The Owners, Locations and Media types in the flat table have been normalised into their own tables. However, the "Titles" in the vintage flat table have not simply been turned into a single corresponding "Titles" table, they were normalised into a pair of tables called Volume and Instance. This was done to solve the particular problem of having multiple copies of an item in the collection. Different copies (Instances) of the same item (Volume) may have different owners, storage locations, prices, purchase dates or comments.

Volume Table
Each row represents a unique item in the world, such as an audio CD released by a specific artist and company, or a specific publication of a book. One Volume may contain multiple physical parts, such as a boxed-set of CDs for example, but it is still regarded as a single Volume. A row in this table doesn't mean that the item physically exists in the collection, it only describes the item.
Instance Table
Each row represents a physical copy of a Volume. If for example there are two copies of the same video DVD in the collection purchased at different times with different prices, then the DVD is described by a single Volume row, but the two physical copies are described by two corresponding Instance rows.

Modern Database

This simple structure of 5 basic tables used in the original 1993 vintage database has persisted through to the present day. Extra tables have been added over the years to support audio tracks, files, genres, pictures, names and tags, but the basic concept and structure is unchanged. The following diagram was exported from the Entity Framework 6 designer and colour annotated to show the important groups of joined tables in the database.

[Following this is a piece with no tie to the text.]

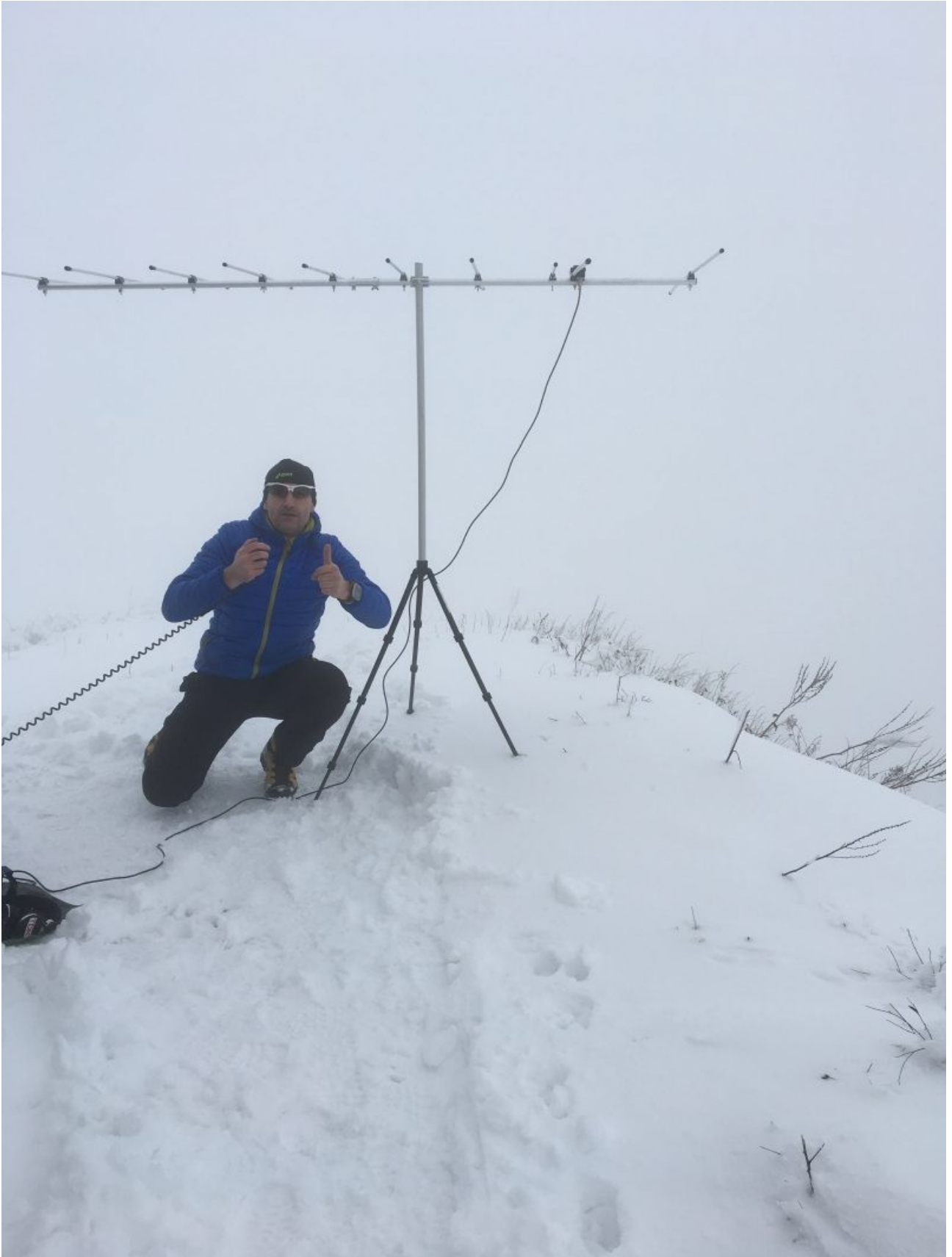
OM on air

Click the thumbnail to open the full-size database diagram (1723 x 1853, 212 KB).

The yellow tables are the Instance, Owner and Location as they existed in the vintage database.

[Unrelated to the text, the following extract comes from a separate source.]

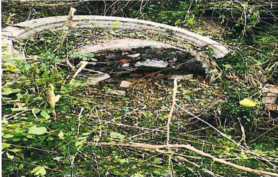
無主墳墓 1 實照圖示

The green tables are the Volume and Media of the vintage database, but two new tables File and Track have been joined to the Volume to describe the contents of data and audio discs respectively. Because a Volume like a boxed-set may contain multiple parts, the File and Track rows have fields that can identify track 3 on disc 2 of a set of audio discs for example.

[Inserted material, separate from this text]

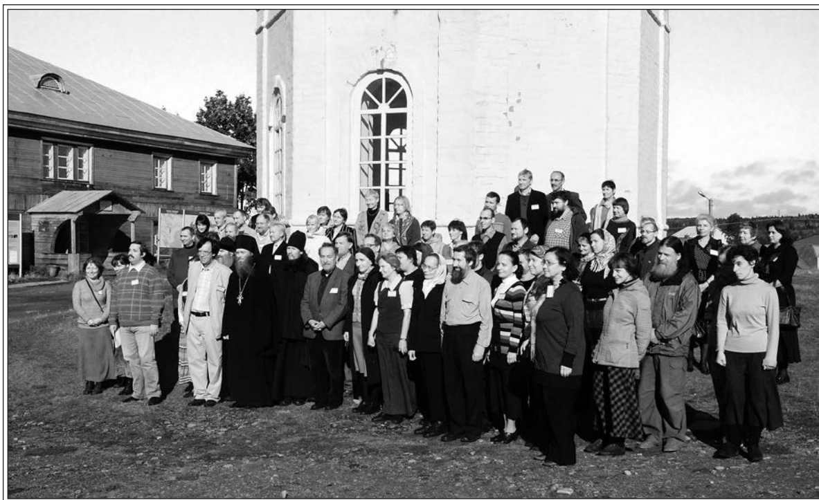
Участники Международной научной конференции по монастырскому наследию на Соловках. Сентябрь 2010 г.

наблюдали передачу РПЦ МП (Русская православная церковь Московского Патриархата. — А. С.) острова Анзер со всей его инфраструктурой, куда церковь сразу же перекрыла доступ местным жителям и туристам, как стерпели самозахват монастырем федерального памятника — скита на горе Секирной.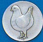
X-351 engl. Modena

The orange tables were added in the late 90s to associate extra important information with Volumes, such as names, genres, tags and pictures. The Volume and the orange table pairs all participate in classical one-many-one joins that allow, for example, one Volume to have many genres joined to it. The following diagram extract shows how a VolumeGenre join table is used to implement this type of one-many-one join.

One-Many-One

The same one-many-one join technique is repeated for 4 tables. The Name table join is a slightly more complicated because it joins the Volume table to both the Name and Role tables, which joins {Name,Role} pairs to a Volume. This forces each Name to have a Role and it allows, for example, Alfred Hitchcock to be joined twice to the same movie, first in the director role, second as an actor role.

Notice that the middle join tables have an IsPrimary bit column which can specify which Name is the 'primary' one. This allows, for example, a movie to have dozens of people joined to it in different roles, but you may want to specify that the director's name is the primary one.

The pink tables were added in the mid 2000s to associate extra information specifically with the Picture table. They are independent of the other tables and are used to assign "types" to pictures (front cover, performer, etc) and another one-many-one join is used to describe the subjects in the pictures.